**ABOUT THIS TASK**
In the material below, begin at the line that has "Lote de Chalecos", stop after the line that has "Vanilla Cigar opens", and transcribe those lines exactly, without pictures.

**DATASET RECORDS**

-------

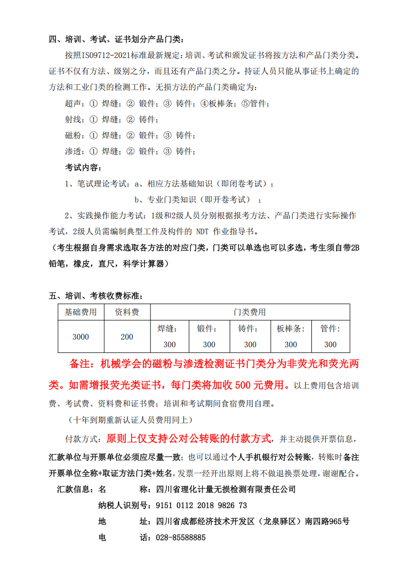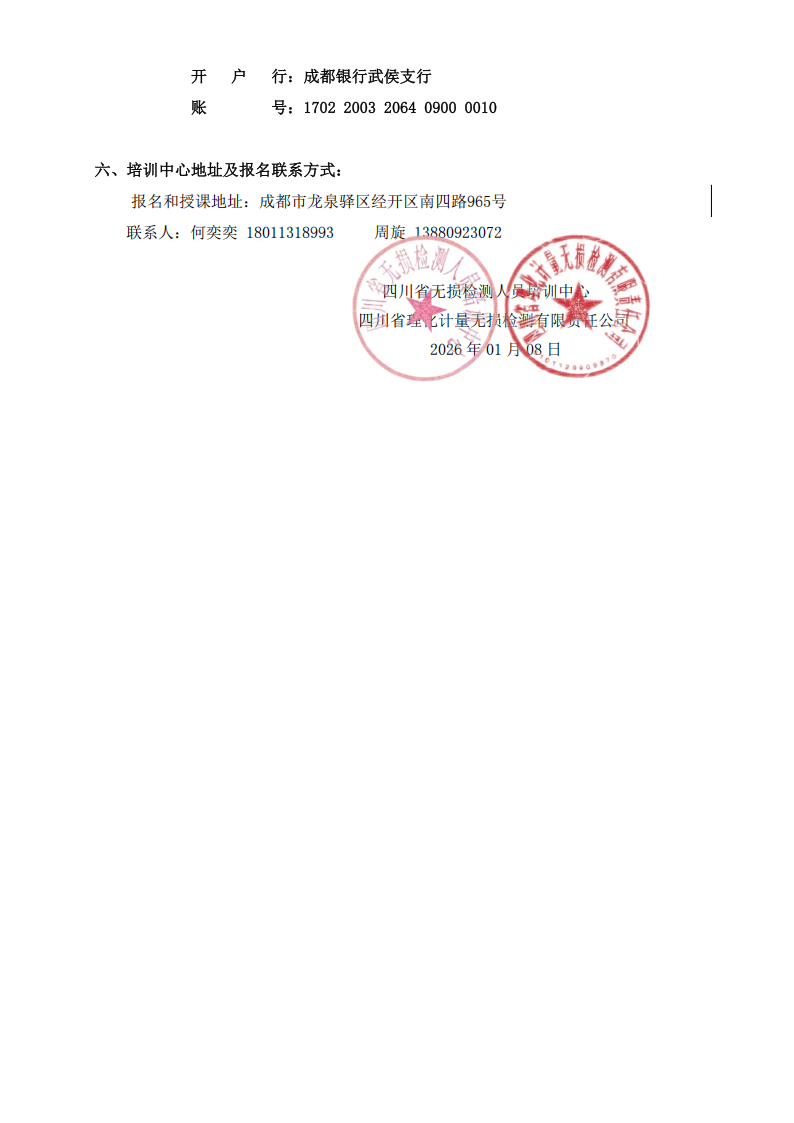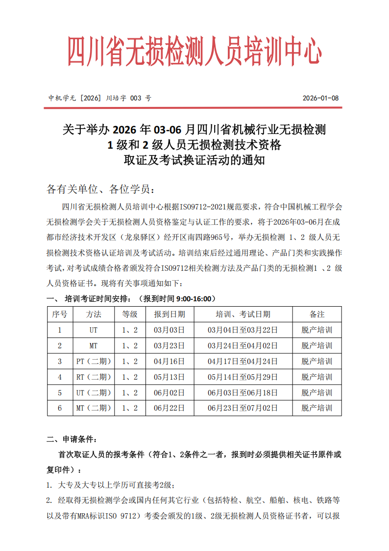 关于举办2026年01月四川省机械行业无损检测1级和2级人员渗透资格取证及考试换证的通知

-------

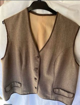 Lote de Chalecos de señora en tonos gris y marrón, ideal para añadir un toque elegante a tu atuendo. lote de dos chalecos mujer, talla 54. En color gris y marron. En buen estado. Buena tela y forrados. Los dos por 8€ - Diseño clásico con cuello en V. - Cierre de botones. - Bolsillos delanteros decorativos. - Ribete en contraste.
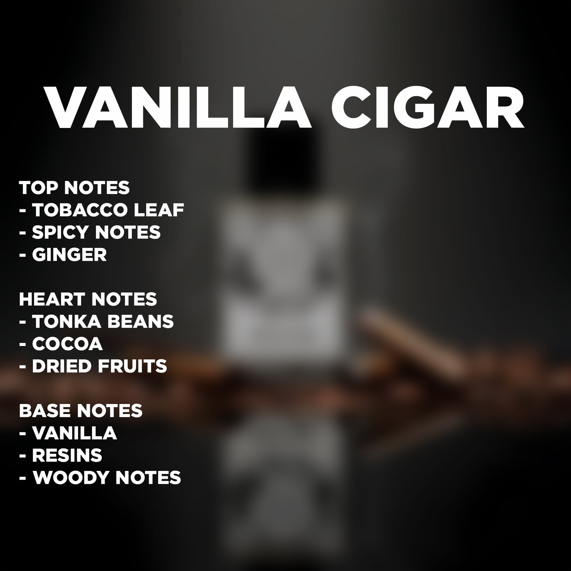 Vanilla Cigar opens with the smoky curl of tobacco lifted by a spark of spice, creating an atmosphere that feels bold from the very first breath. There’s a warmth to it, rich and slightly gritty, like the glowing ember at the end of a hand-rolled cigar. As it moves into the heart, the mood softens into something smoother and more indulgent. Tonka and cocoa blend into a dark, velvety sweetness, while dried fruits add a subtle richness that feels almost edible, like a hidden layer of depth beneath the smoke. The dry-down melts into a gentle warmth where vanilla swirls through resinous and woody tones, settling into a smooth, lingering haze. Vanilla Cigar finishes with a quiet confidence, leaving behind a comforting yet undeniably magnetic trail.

-------

**WRITTEN RESPONSE**
 Lote de Chalecos de señora en tonos gris y marrón, ideal para añadir un toque elegante a tu atuendo. lote de dos chalecos mujer, talla 54. En color gris y marron. En buen estado. Buena tela y forrados. Los dos por 8€ - Diseño clásico con cuello en V. - Cierre de botones. - Bolsillos delanteros decorativos. - Ribete en contraste.
 Vanilla Cigar opens with the smoky curl of tobacco lifted by a spark of spice, creating an atmosphere that feels bold from the very first breath. There’s a warmth to it, rich and slightly gritty, like the glowing ember at the end of a hand-rolled cigar. As it moves into the heart, the mood softens into something smoother and more indulgent. Tonka and cocoa blend into a dark, velvety sweetness, while dried fruits add a subtle richness that feels almost edible, like a hidden layer of depth beneath the smoke. The dry-down melts into a gentle warmth where vanilla swirls through resinous and woody tones, settling into a smooth, lingering haze. Vanilla Cigar finishes with a quiet confidence, leaving behind a comforting yet undeniably magnetic trail.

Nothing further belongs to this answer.